*** Opening of RECORDS SHOWN ***

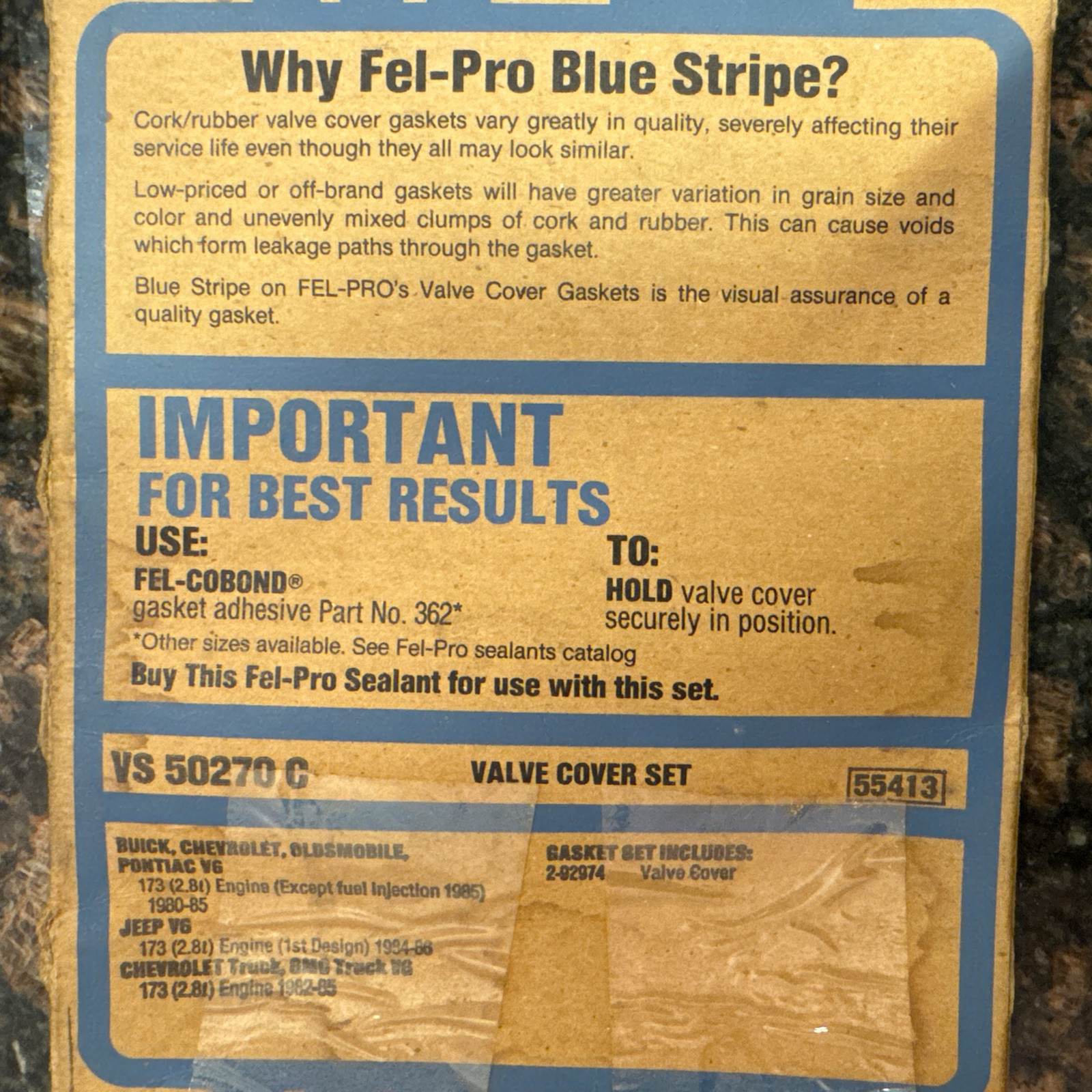 The product is a Fel-Pro Valve Cover Gasket Set with manufacturer part number VS50270C designed for 1980-1986 Buick, Pontiac, and Chevrolet 173 engines. It is a specific type of gasket intended for sealing the valve cover to prevent oil leaks and maintain engine performance. The gasket is manufactured by Fel-Pro and does not come with a manufacturer warranty. It is a reliable component for these vehicle models to ensure proper sealing and functionality of the engine.
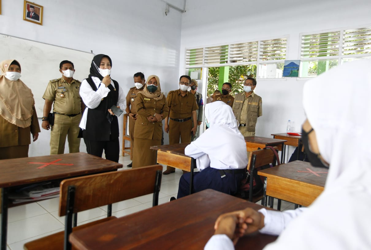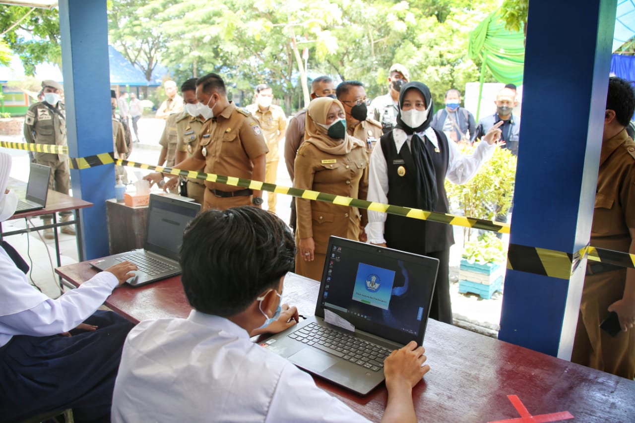 Khusus di SMPN 15 Makassar, simulasinya ditinjau langsung oleh Wakil Wali Kota Makassar, Fatmawati Rusdi, Senin (4/10/21).
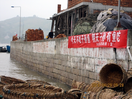 渔村悬挂伏休标语
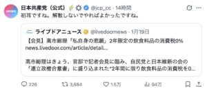 酒類を含む食料品の消費税率を恒久的にゼロにすると公約に明記。「減税による経済活性化」を柱に、外国人政策厳格化や再エネ賦課金廃止も併せて訴求。 - その他の政党(主に野党)
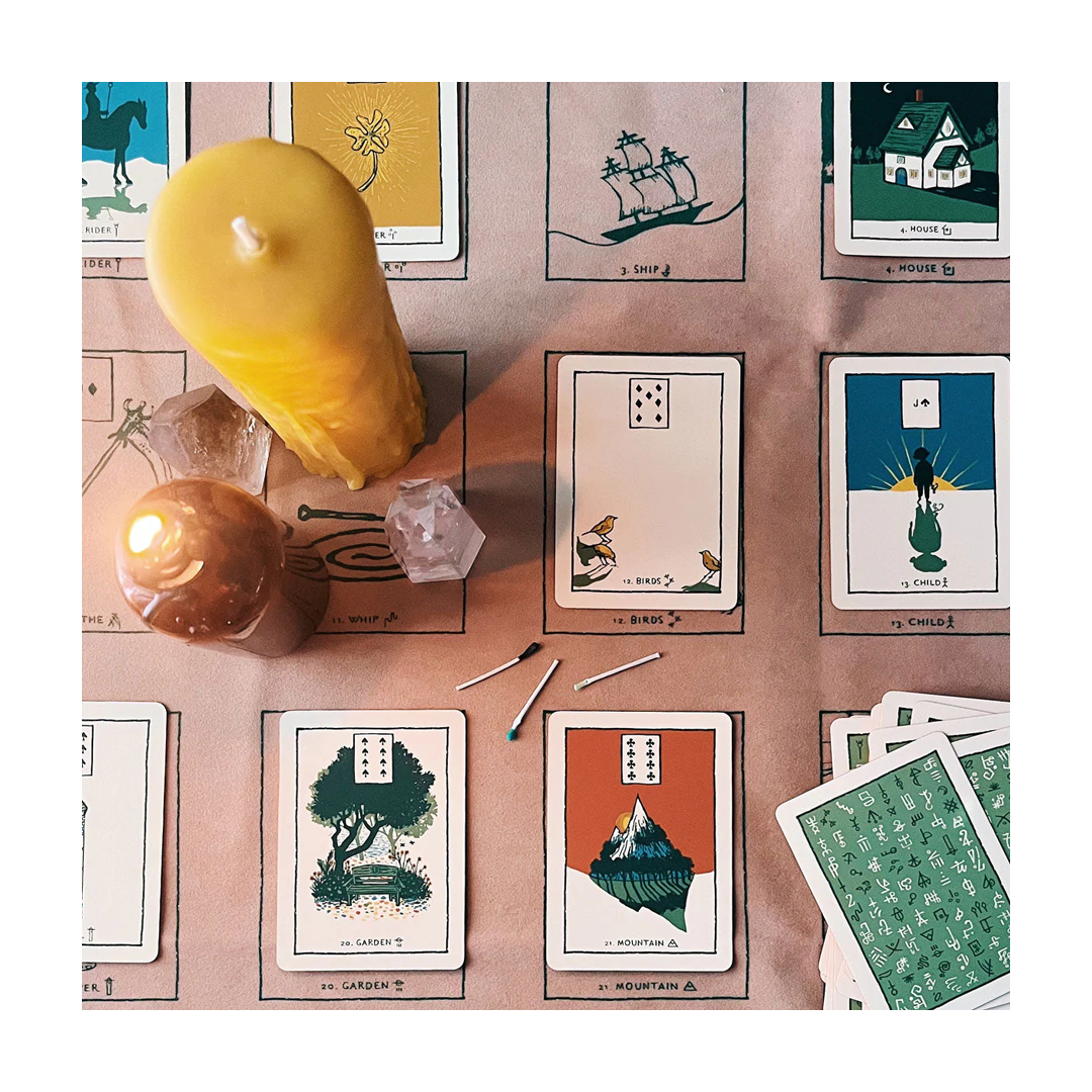 A deck of 40 Lenormand Cards & instructional booklet housed in a magnetic flip-top box.

*** Close of RECORDS SHOWN ***

- _PROBLEM TO SOLVE_:
Each entry should be transcribed exactly as given, with pictures omitted.

- _RESULT OF THE EXERCISE_:
 The product is a Fel-Pro Valve Cover Gasket Set with manufacturer part number VS50270C designed for 1980-1986 Buick, Pontiac, and Chevrolet 173 engines. It is a specific type of gasket intended for sealing the valve cover to prevent oil leaks and maintain engine performance. The gasket is manufactured by Fel-Pro and does not come with a manufacturer warranty. It is a reliable component for these vehicle models to ensure proper sealing and functionality of the engine.
 Khusus di SMPN 15 Makassar, simulasinya ditinjau langsung oleh Wakil Wali Kota Makassar, Fatmawati Rusdi, Senin (4/10/21).
 渔村悬挂伏休标语
 酒類を含む食料品の消費税率を恒久的にゼロにすると公約に明記。「減税による経済活性化」を柱に、外国人政策厳格化や再エネ賦課金廃止も併せて訴求。 - その他の政党(主に野党)
 A deck of 40 Lenormand Cards & instructional booklet housed in a magnetic flip-top box.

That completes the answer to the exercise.